How to create two ByteStrings calling this external library API?


I'm currently writing bindings to a cryptographic library that exposes a function for generating keypairs:

const size_t PUBLICKEYBYTES = 32;
const size_t SECRETKEYBYTES = 32;
int random_keypair(unsigned char pk[PUBLICKEYBYTES],
                   unsigned char sk[SECRETKEYBYTES]);

This function randomly generates a secret key, computes the corresponding public key and puts the results in pk and sk.

When just returning one ByteString I've found that the easiest way is to use create :: Int -> (Ptr Word8 -> IO ()) -> IO ByteString from Data.ByteString.Internal. However, that function can't create two ByteStrings at the same time.
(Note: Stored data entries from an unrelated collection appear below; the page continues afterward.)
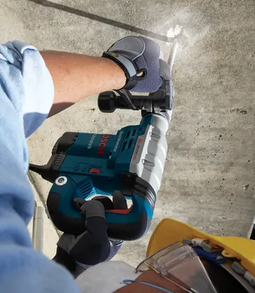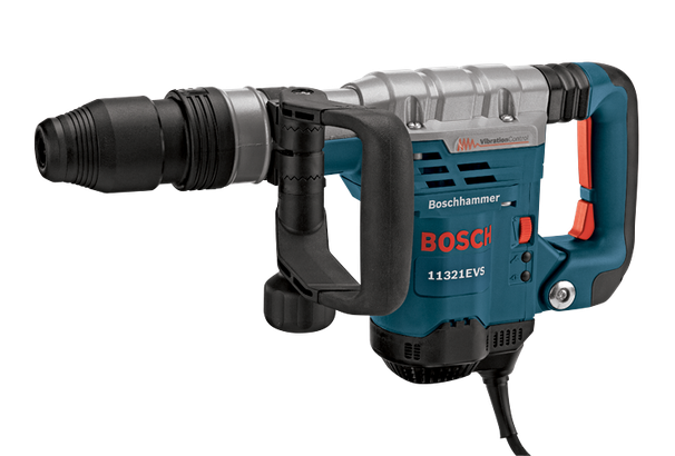 The Bosch 11321EVS SDS-max® Demolition Hammer is a 13.0 Amp tool that gets the job done, delivering 6.1 Ft.-Lbs. of impact energy and a max of 2,900 BPM. Yet it weighs only 13.7 Lbs. for outstanding power-to-weight performance, and it has Vibration Control for all-day comfort. This hammer provides Constant Response circuitry for constant power under load, as well as smooth starts and overload protection. Vario-Lock positioning permits rotating and locking the chisel with precision, while the Auto-Max™ variable-speed dial permits the operator to match power to application – from 1,300 BPM to 2,900 BPM. The SDS-max® chuck system provides tool-free bit changes, while the Service Minderlight indicates that maintenance is needed. And the demo hammer has a 360° rotating auxiliary handle and a padded rear handle for extra operator comfort.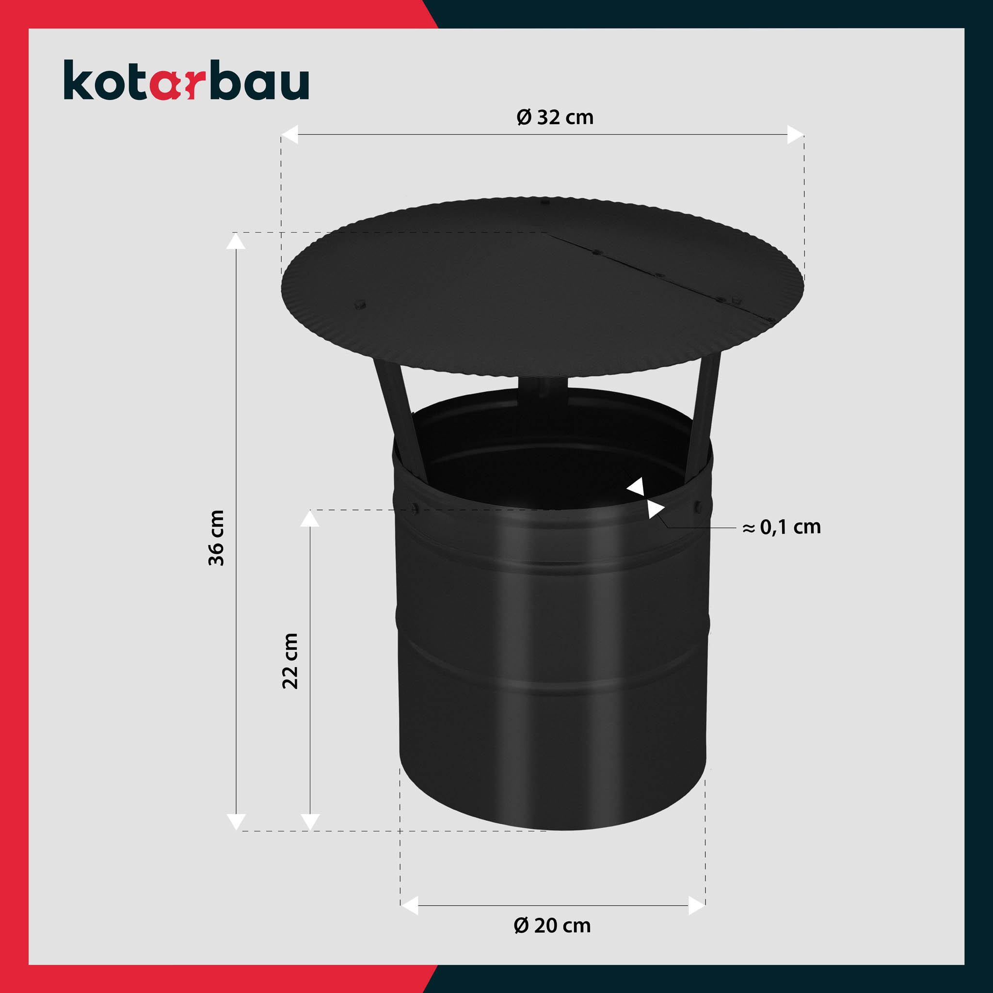 Dymová strieška na komínové potrubie pozinkovaná čierna 200 mm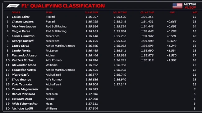 Την τρίτη pole position, φέτος αλλά και συνολικά στην καριέρα του στη Formula 1, σημείωσε στο Circuit of the Americas ο Κάρλος Σάινθ. Ο 28χρονος Ισπανός οδηγός της Scuderia Ferrari σημείωσε καλύτερο χρόνο από τους Σαρλ Λεκλέρ και Μαξ Φερστάπεν στην τρίτη περίοδο των κατατακτήριων δοκιμών και θα εκκινήσει την Κυριακή από την 1η θέση του grid. Οι κατατακτήριες δοκιμές στο Όστιν των ΗΠΑ επισκιάστηκαν από την είδηση του θανάτου του Ντρίτριχ Μάτεσιτς, ιδρυτή και ιδιοκτήτη της Red Bull.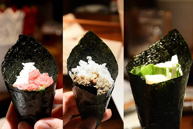 鮭魚卵NT$80、辣鮪手NT$80、酪梨蟹肉NT$90、加拿大海膽NT$100、馬糞赤海膽NT$150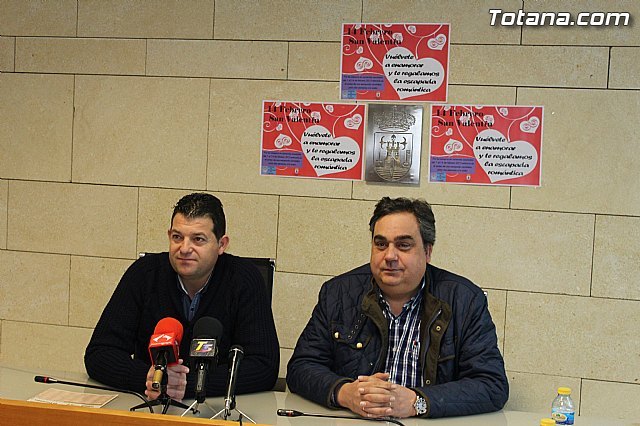 Un centenar de comercios de la Asociación de Comerciantes de Totana participa en la campaña de San Valentín a través de la cual los clientes podrán optar a una escapada de fin de semana romántica. Así lo han explicado el concejal de Comercio, Francisco Hernández, y el presidente de la Asociación de Comerciantes, Francisco Andreo, que han animado a los clientes participar en esta iniciativa.

My first approach was to write something like:

newtype PublicKey = PublicKey ByteString
newtype SecretKey = SecretKey ByteString
randomKeypair :: IO (PublicKey, SecretKey)
randomKeypair = do
    let pk = B.replicate 0 publicKeyBytes
        sk = B.replicate 0 secretKeyBytes
    B.unsafeUseAsCString pk $ \ppk ->
        B.unsafeUseAsCString sk $ \psk ->
        c_random_keypair ppk psk
    return (PublicKey pk, SecretKey sk)

However, this doesn't seem to work with GHC 7.10.2. When running the test suite I'm finding that I seem to have sharing of the ByteStrings in between function calls, leading to encryption/decryption failing and giving incorrect results.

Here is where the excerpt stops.